- INSTRUCTIONS FOR THE TASK:
Apart from the pictures, print the data below exactly as given.

- RECORDED INFORMATION:

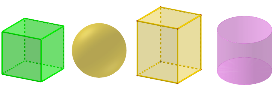 Объёмные фигуры - куб, шар, прямоугольный параллелепипед, цилиндр.
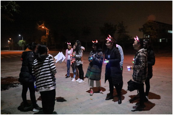本次夜跑设置有闯关活动,参赛者跟着领跑员从求知楼出发,途经办公楼到达校门口进行关卡一“背对背拥抱”活动,随后路过讲堂群绕过实验楼到达体育馆进行关卡二“你比我猜”活动,最后经篮球场到达食堂进行最后的关卡“左右手傻傻分不清楚”活动。一个个妙趣横生的游戏,调动起了大家的热情,也让大家体会到团队协作的意义。
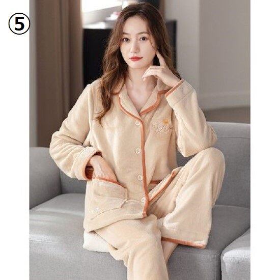 ルームウェア レディース パジャマ フリース フランネル 厚手 ふわふわ 秋冬 長袖長ズボン 襟あり 前開き フロントボタン ナイトウェア 部屋着 寝巻き おうち服 リラックス ゆったり カジュアル

- RESPONSE:
 Объёмные фигуры - куб, шар, прямоугольный параллелепипед, цилиндр.
本次夜跑设置有闯关活动,参赛者跟着领跑员从求知楼出发,途经办公楼到达校门口进行关卡一“背对背拥抱”活动,随后路过讲堂群绕过实验楼到达体育馆进行关卡二“你比我猜”活动,最后经篮球场到达食堂进行最后的关卡“左右手傻傻分不清楚”活动。一个个妙趣横生的游戏,调动起了大家的热情,也让大家体会到团队协作的意义。
 ルームウェア レディース パジャマ フリース フランネル 厚手 ふわふわ 秋冬 長袖長ズボン 襟あり 前開き フロントボタン ナイトウェア 部屋着 寝巻き おうち服 リラックス ゆったり カジュアル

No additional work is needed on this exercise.